If the intestine is completely blocked, it is a medical emergency needing immediate attention. Symptoms of an intestinal obstruction include severe stomach pain or cramping, vomiting, not being able to pass stool or gas and other signs of belly distress.
Mechanical obstructions are when something physically blocks your intestine; in the small intestine, this can be caused by adhesions, volvulus or twisting of the intestines, intussusception, malformations of the intestine, often in newborns, tumours within your small intestine, gallstones, swallowed objects, hernias or inflammatory bowel disease such as Crohn’s.
Aimee has grown up with a passion for figure skating and despite her medical condition and having taken a break for four months, she has managed to fulfil her goal of becoming an Olympian figure skater and is now a coach.
“When I had to stop skating, I was devastated. The doctors told me it would be three to four months before I could resume skating and I was heartbroken,” she said.
“Skating had been my whole life and I didn’t know what I would do without it. As soon as I had the strength to get out of bed myself, I started begging them to go back to the rink.
“I barely had the energy to go for a ten-minute walk, but I wanted nothing more than to skate. Unfortunately, I had to wait to build back strength and let the incision heal, so I was patient and waited anxiously for the doctor to give me the go ahead.
“I got back into skating by following my heart and staying true to myself and my dreams. When I had surgery, I was not ready to give up the sport, so I started from ground zero and worked extremely hard to get all my skills back and build my strength from the ground up.
“I’d say it took about a year to get back into athletic shape. I started slowing down with just basic stroking getting my balance and co-ordination back.
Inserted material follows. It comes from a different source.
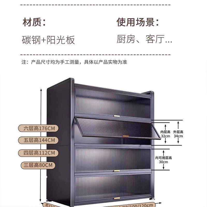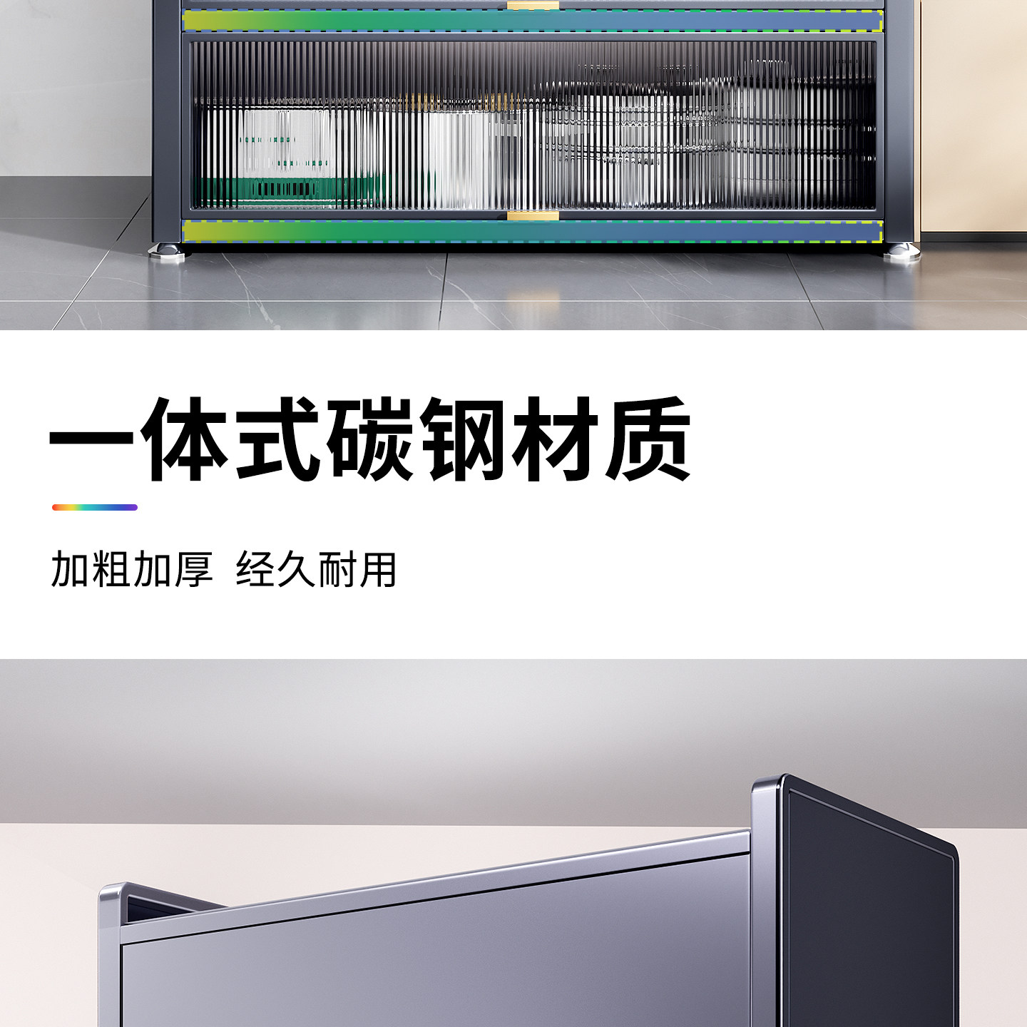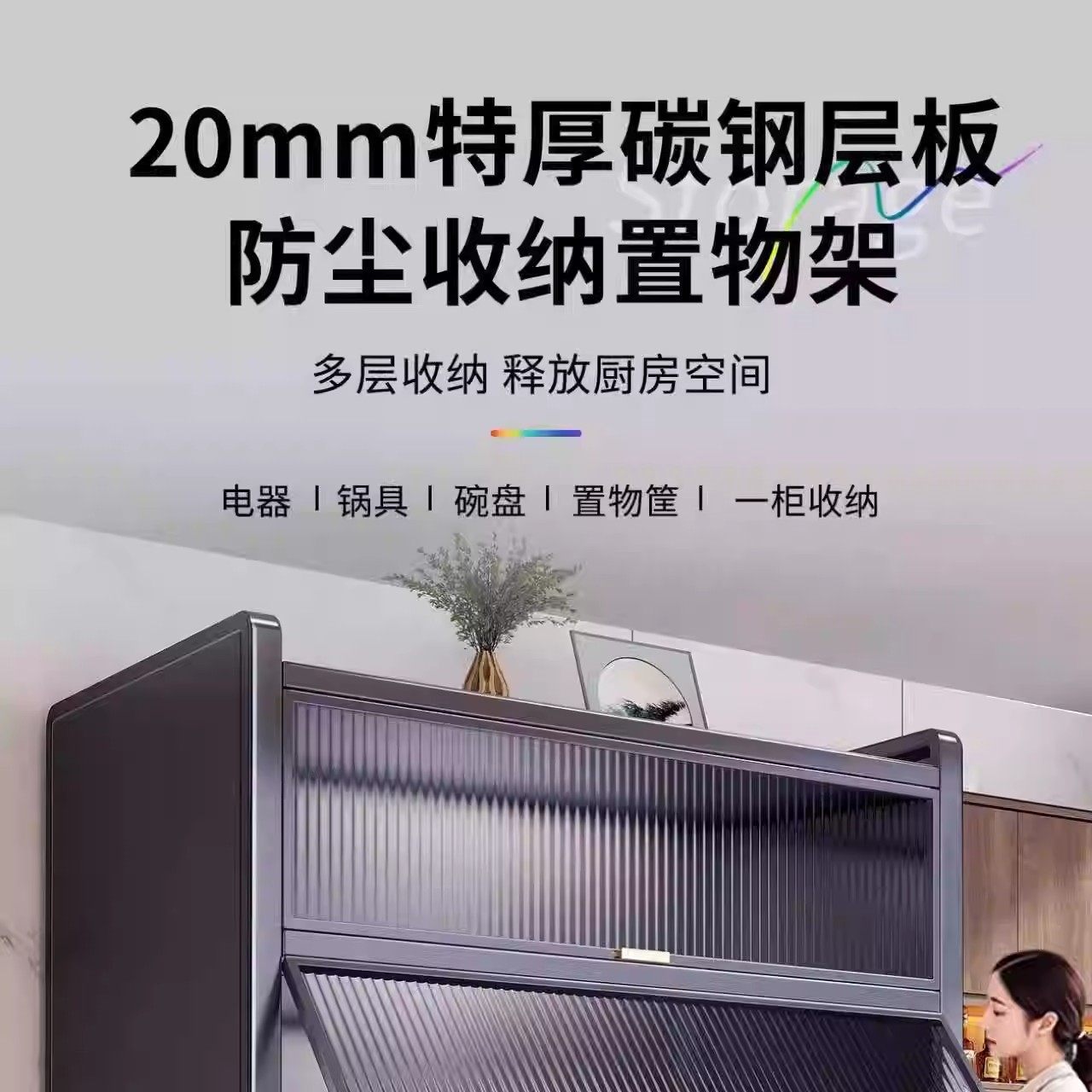 Kitchen Steel Multi-Functional Storage Rack, Floor-Standing Multi-Layer Microwave Oven Cupboard, Storage Cabinet, Integrated Against the Wall

Then we started some basic spins and eventually some basic jumps.
“Once my balance and strength were better, we moved on to difficult spins and triple jumps, but this was definitely a whole year process.
“Since then I became a national champion, a three-time European competitor and most importantly, an Olympian. I fought through all the pain and tough times to accomplish my goal of becoming an Olympian.
“At the time I simply felt scared, but now I feel proud of overcoming such adversity and rising back up to accomplish my lifelong goals and recover to live a healthy life.
“This condition has affected my life by teaching me about how important life is; I always took how precious life is for granted, but when I was so sick, I realised how great life really is.
“Never give up and never lose hope; I know that sounds corny, but it is so true. I had so many opportunities to call it quits and mope, but every day I tried to build some strength both mentally and physically to get back to skating and get back to my normal life.”